I just noticed this month-old thread. 

Cracked has some contributions here: http://www.cracked.com/ar...ng-foods-in-world.html

But I note with some surprise that no one has yet mentioned hákarl. 

I quote the process from http://blogs.villagevoice...let_us_now_prai_5.php:


Hakarl begins with the flayed flesh of the Greenland shark, a species with tissue so high in uric acid, that it's considered inedible without long periods of curing. This curing is usually accomplished by burying the shark under a heavy load of pebbles, and letting the dark juices ooze out for six to eight weeks. Traditionally, people urinated on the gravel above the shark after it was buried, which supposedly interacted with the flesh to partially neutralize the ammonia.
...
After the curing (some might say "rotting"), the shark flesh must be dried on racks in the sun, a process which can take several months. After this period, the larger hunks are cut into small cubes, which are eaten with toothpicks, often with a stiff glass of aquavit.
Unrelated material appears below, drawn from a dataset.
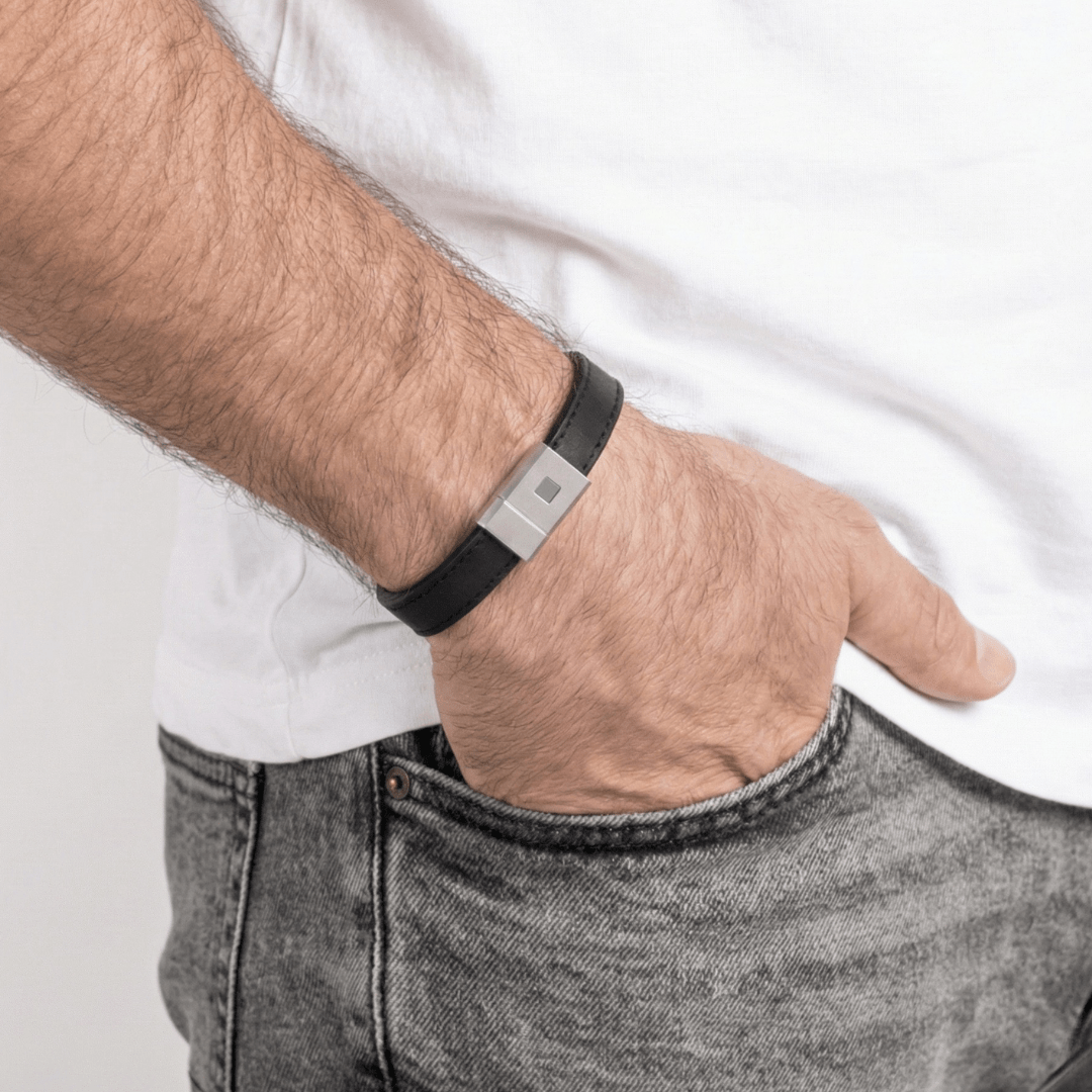 - הצמיד עשוי מעור איטלקי חלק בצבע שחור בעובי של 12 מ״מ ואורך של 250 מ״מ.
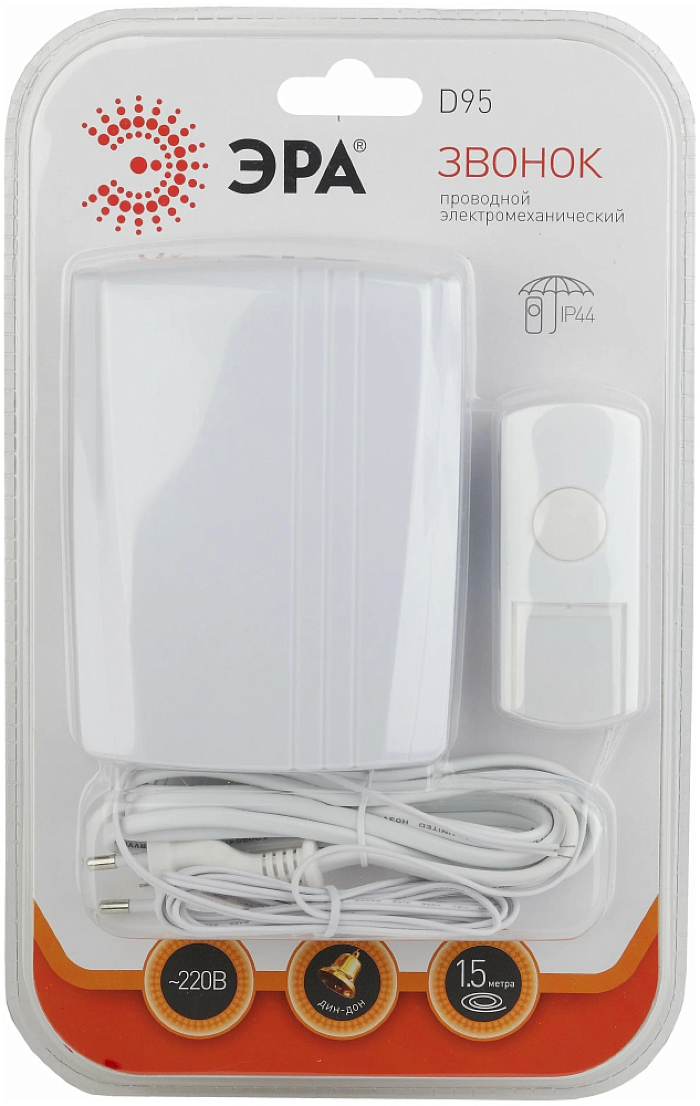 - Звонок дверной ЭРА D95 проводной, 1 мелодия, белый, IP44 - 1шт.

So, think about the story of the discovery of hákarl. At some point, someone made the discovery that although this shark was inedible when fresh, if you buried it, urinated on it, and dug it up several weeks later, it could be eaten safely. I cannot imagine any version of this story that does not involve desperation and/or alcohol.

Andrew Zimmern - Bizarre Foods - Did an episode on the Shark Thing. Even he couldn't eat it!